Obaj są po prostu kapitalni jako zaćpani zramolali hipisi.
Zaskakujące połączenie, bo są do siebie bardzo podobni w zachowaniu.
Nigdy bym nie wpadł na taki duet.
Dla nich warto obejrzeć ten bardzo średni film.
Masz rację! Rozbawili mnie do łez. Warto też wspomnieć o świetnej grze aktorskiej Rivera :)
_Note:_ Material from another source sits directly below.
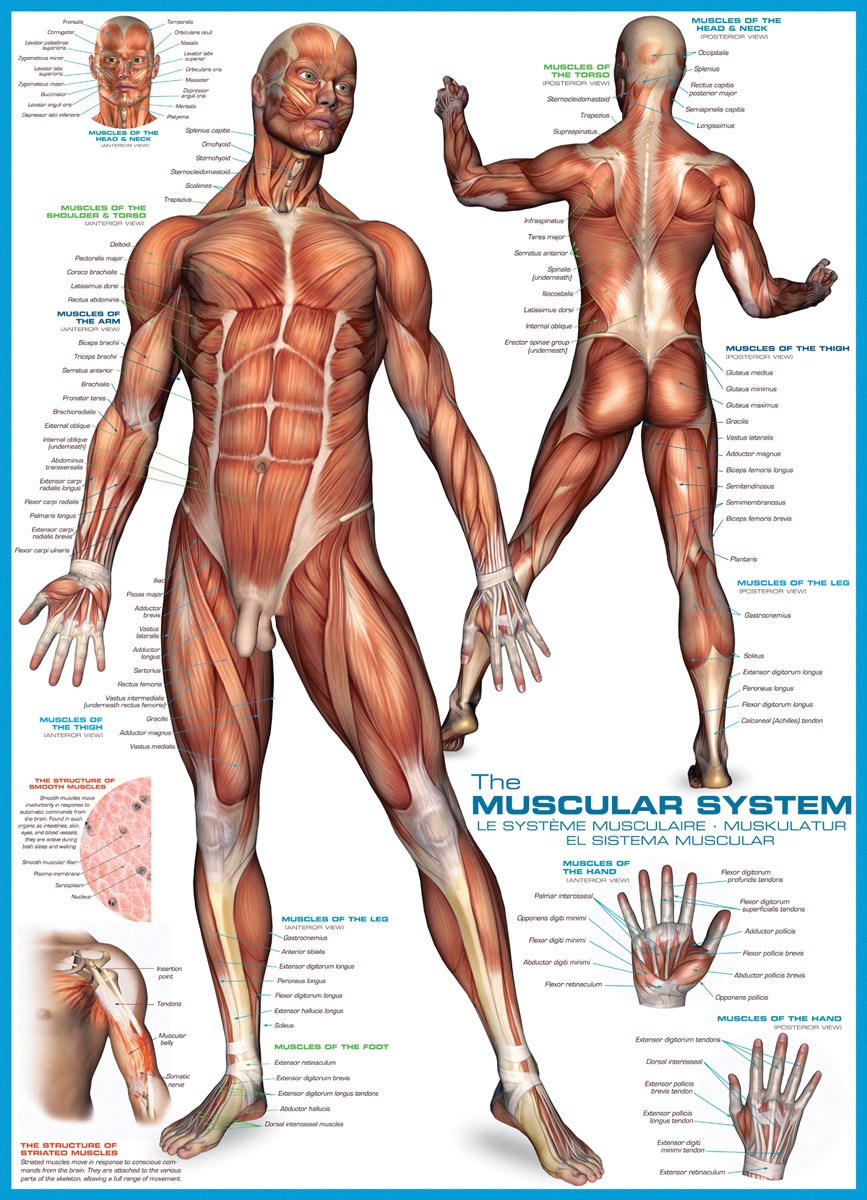 Изучаем анатомию - мышцы, сухожилия. С пазлом это сделать гораздо проще - собрав все 1000 деталей вы обязательно запомните все и уже никогда не забудете.
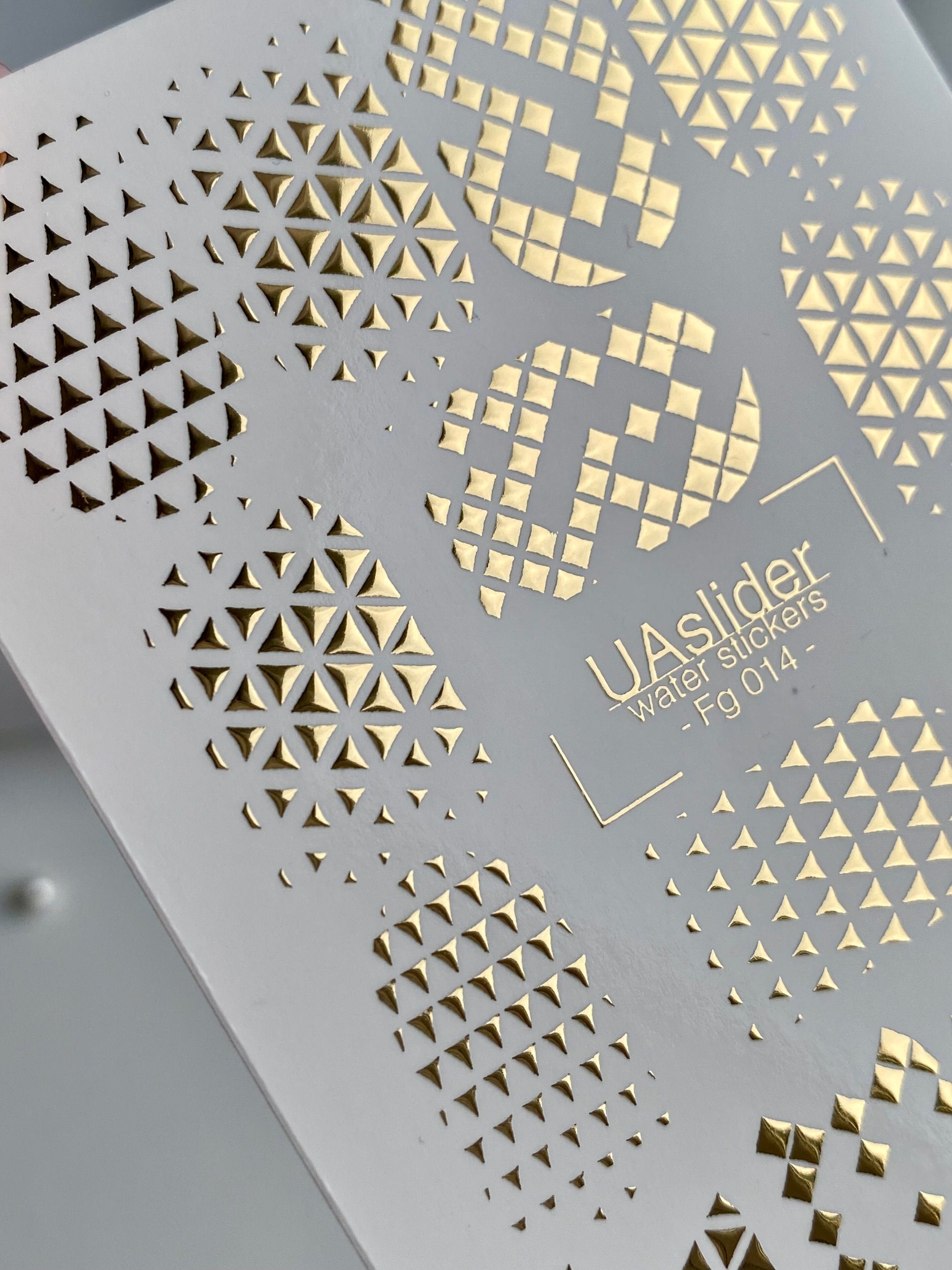 Nail Water Decal Fg-014 | Geometric Water Slide Nail Decals with Gold Foil | Triangle & Grid Patterns

Zgadza się, świetny naćpany duet hehe. Polewa non stop :D
Marlon: Słuchaj człowieku. Uspokój się, dobra? Przecież ten koleś to tylko taksówkarz. Nie jest taki jak ten, jak mu tam... Jak mu tam??
Devo: Komu??
Marlon: No wiesz...
Harlan: Taa, racja.
http://www.youtube.com/watch?v=MrvwHE09qB8
- Reggie! Reggie! Reggie!
- Kocham Reggie'go.
- Ja też, chłopie.
- Jest najlepszy.
- Ile miał wybić? Znaczy, za życia.
- Cholera, koleś. K*rwa... sporo!
- Reggie! Reggie! Reggie! Reggie! Reggie!
(z pokoju niżej)- Chcą słuchać muzyki reggae.
W takim razie polecam "Moje własne Idaho". Stworzył tam świetny duet z Phoenixem - z Riverem oczywiście :-).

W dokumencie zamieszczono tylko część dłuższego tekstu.